Search code examples
nlpword2vecword-embedding

How to get three dimensional vector embedding for a list of words


I have been asked to create three dimensional vector embeddings for a series of words. Although I understand what an embedding is and that word2vec will be able to create the vector embeddings, I cannot find a resource that shows me how to create a three dimensional vector (all the resources show many more dimensions than this).

The format I have to create the file in is:

house    34444     0.3232 0.123213 1.231231
dog    14444    0.76762 0.76767 1.45454

which is in the format <token>\t<word_count>\t<vector_embedding_separated_by_spaces>

Can anyone point me towards a resource that will show me how to create the desired file format given some training text?


Solution

  • Once you've decided on a programming language, and word2vec library, its documentation will likely highlight a configurable parameter that lets you specify the dimensionality of the vectors it trains.

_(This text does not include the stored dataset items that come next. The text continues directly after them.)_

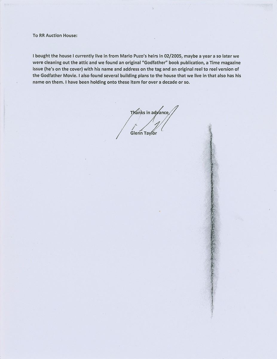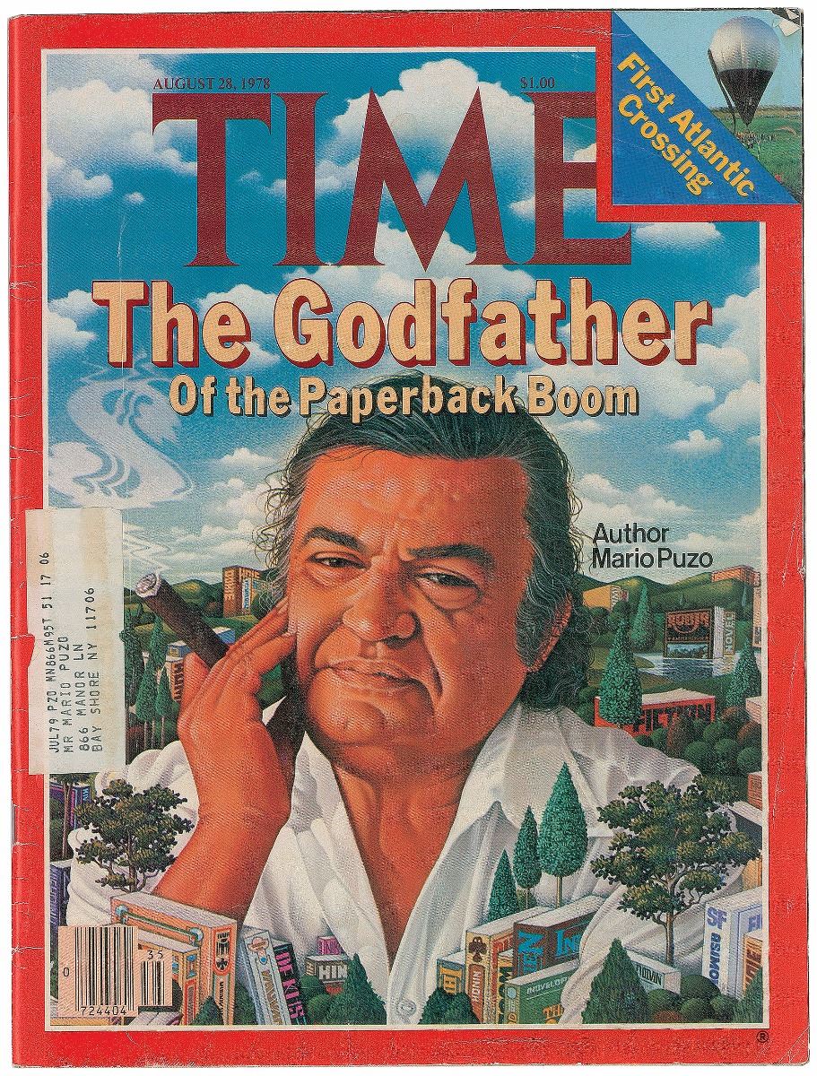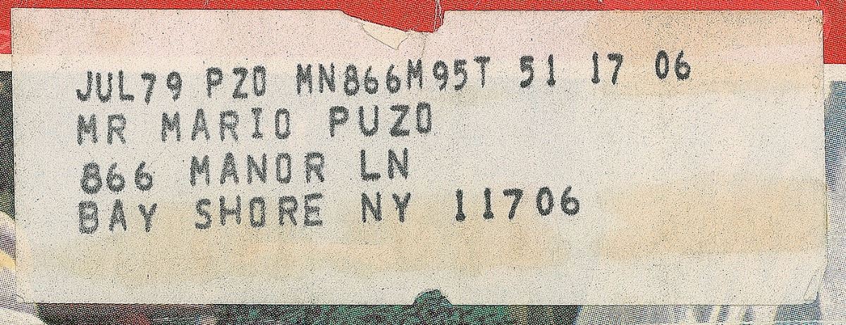 Mario Puzo’s Time magazine from August 28, 1978, 8.25 x 11, 76 pages, showing an artistic depiction of the novelist with a smoking cigar on the front cover. Label vertically affixed along left edge bears Puzo’s address, “866 Manor Ln., Bay Shire, NY, 11706.” In fine condition, with a small tear to upper right corner tip. Accompanied by a copy of a letter of provenance, in part: “I bought the house I currently live in from Mario Puzo’s heirs in 02/2005, maybe a year a so later we were cleaning out the attic and we found...a Time magazine issue...with his name and address on the tag.”
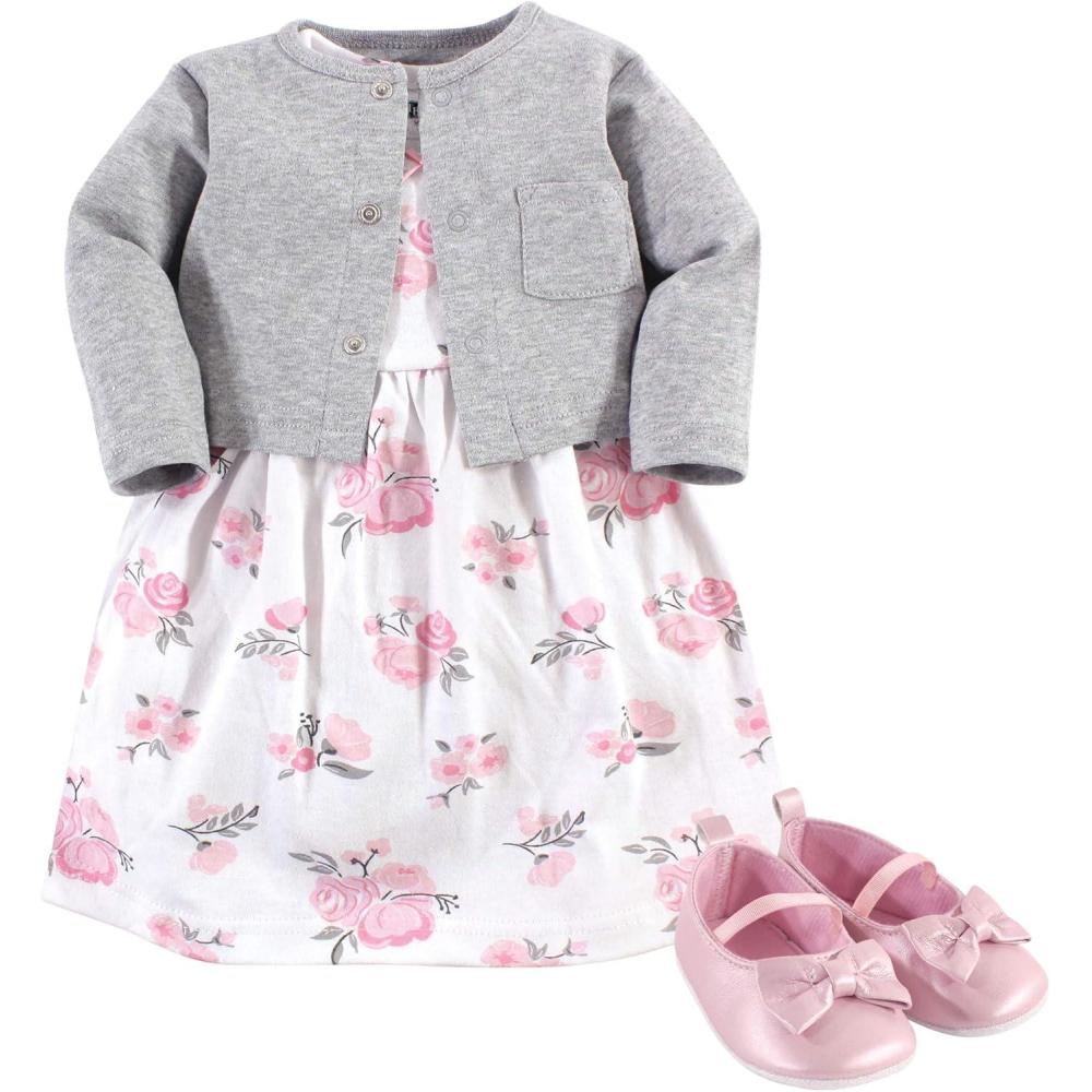 Hudson Baby baby-girls Cotton Dress, Cardigan and Shoe Multi-pack Set(Pink Gray Floral)
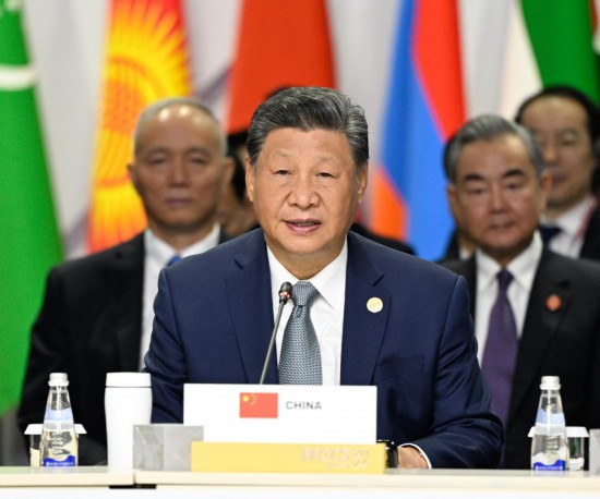 當?shù)貢r間10月24日上午,國家主席習近平在喀山會展中心出席“金磚+”領導人對話會并發(fā)表題為《匯聚“全球南方”磅礴力量 共同推動構建人類命運共同體》的重要講話。新華社記者 李學仁 攝
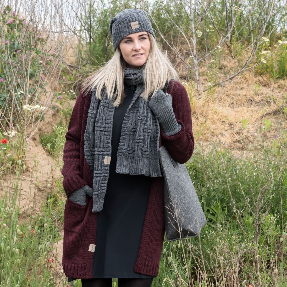 Bei unseren Cleo Handstulpen in der Farbe Grau, handelt es sich um warme, weiche, graue Handschuhe ohne Finger. Unsere Handstulpen aus der Kollektion Cleo bestehen aus gewalkter Wolle und wurden sorgfältig mit viel Raffinesse gestrickt. Sie reichen bis zur Hälfte des Unterarms, schmiegen sich um den Daumen und haben eine weitere Aussparung für die restlichen Finger. Da die Fingerenden offen sind, hat man mit diesen hellgrauen Pulswärmern genügend Bewegungsfreiheit, während Hand und Puls vor der Kälte geschützt sind. Die Cleo Handstulpen gibt es nicht nur in der Farbe Grau, sondern auch noch in über 20 anderen Farben von Knit Factory.
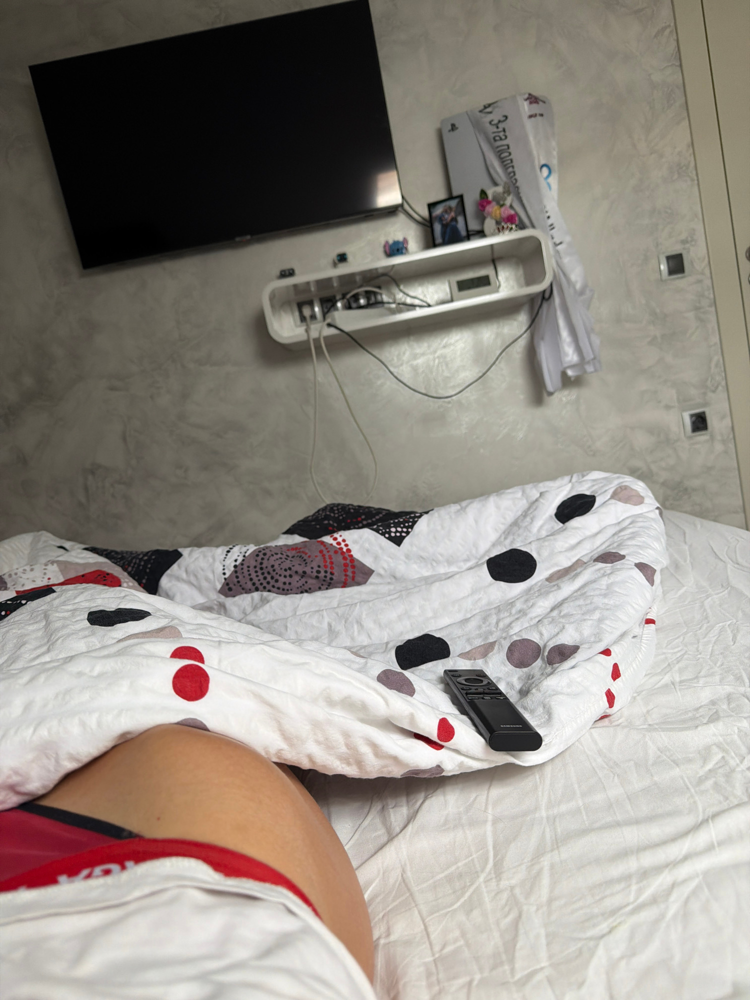 The image shows a view from above onto a bed with white sheets and a patterned duvet, likely in a residential interior. A dark Samsung remote control rests on the duvet. Partial view of a person's leg…read more
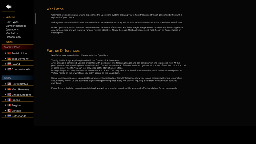 Personally, I never warmed to the original Operations mode, preferring instead to engage in Skirmishes. However, last night, restless and sleepless, I ventured into a War Paths campaign with a task force from the U.S. 3rd Armored Division operating in NATO’s CENTAG realm.
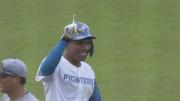 考案した高校生も参加した3月20日のイベントでは、ファイターズOBの谷口雄也さんが試食しました。
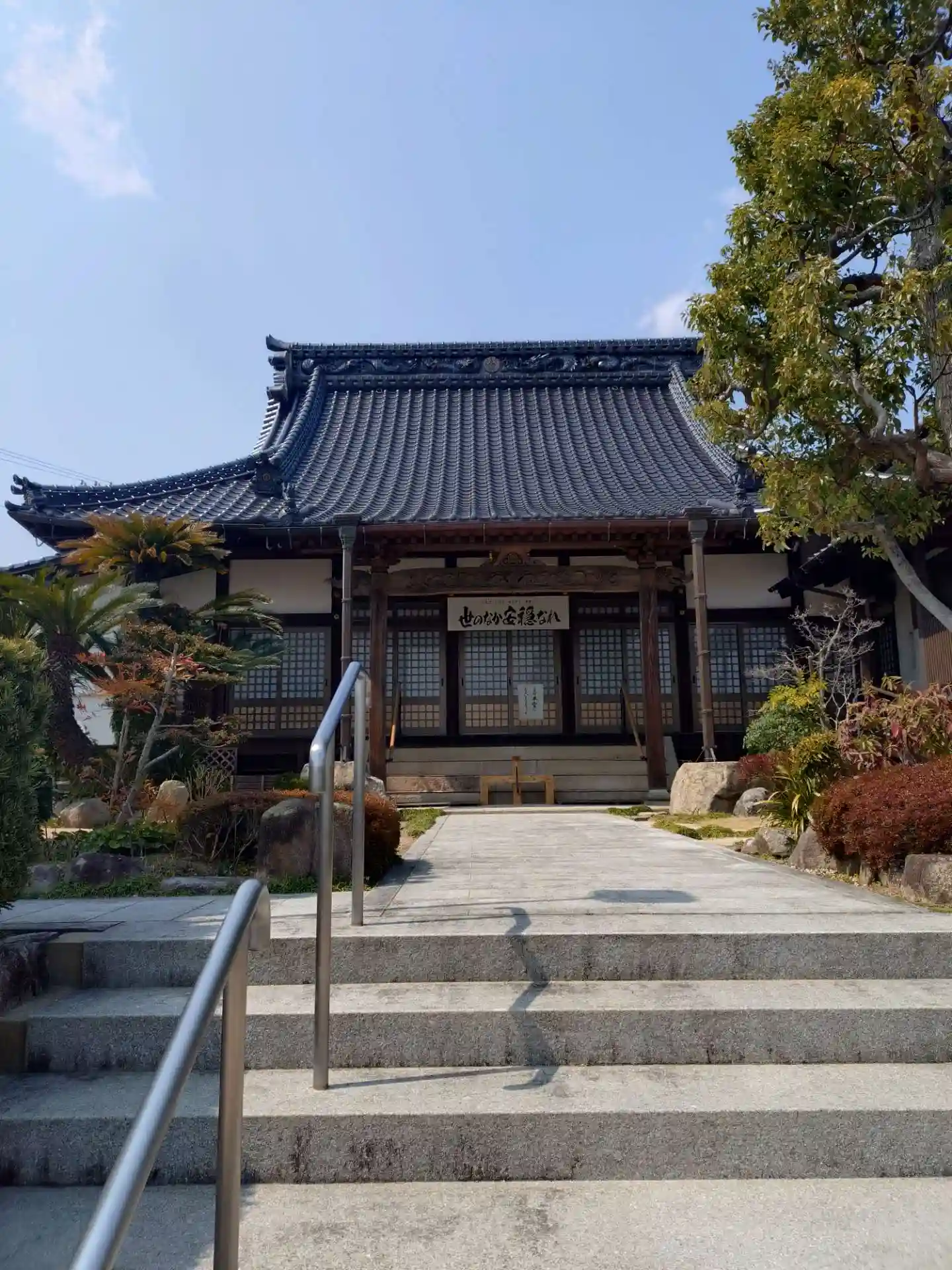 静かな環境の中落ち着いてお参りさせていただきましたが、本堂の前に掲げられている、「世のなか安穏なれ」という言葉が非常に印象的でした。
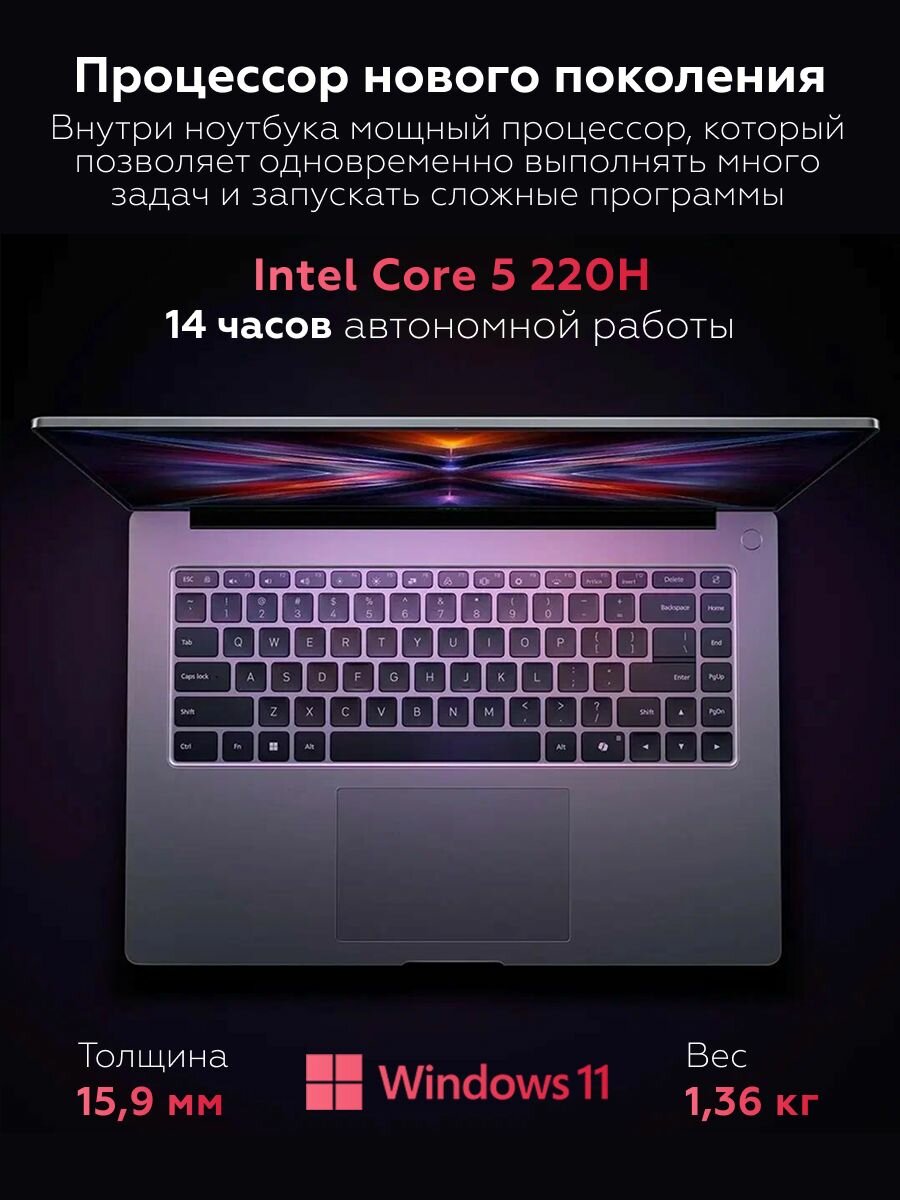 Процессор AMD Ryzen 5 220H демонстрирует стабильные 4.1GHz в турбо-режиме при нагрузке. В тесте Cinebench R23 система набирает 1245 баллов – на 18% выше, чем Honor MagicBook X14 Pro с Intel Core i5-12500H. В играх типа CyberPunk 2077 на средних настройках ноутбук выдаёт стабильные 45-58 FPS благодаря современной графике RDNA 3.

So, you just need to change that parameter from its typical values , like 100 or 300, to 3.

    (Note, though, that 3-dimensional word-vectors are unlikely to show the interesting & useful property of higher-dimensional vectors.)

    Once you've used such a library to create the vectors-in-memory, writing them out in your specified format becomes just a file-IO problem, unrelated to word2vec itself. In typical languages, you'd open a new file for writing, loop over your data printing each line properly, then close the file.

    (To get a more detailed answer from StackOverflow, you'd want to pick a specific language/library, show what you've already tried with actual code, and show how the results/errors achieved fall short of your goal.)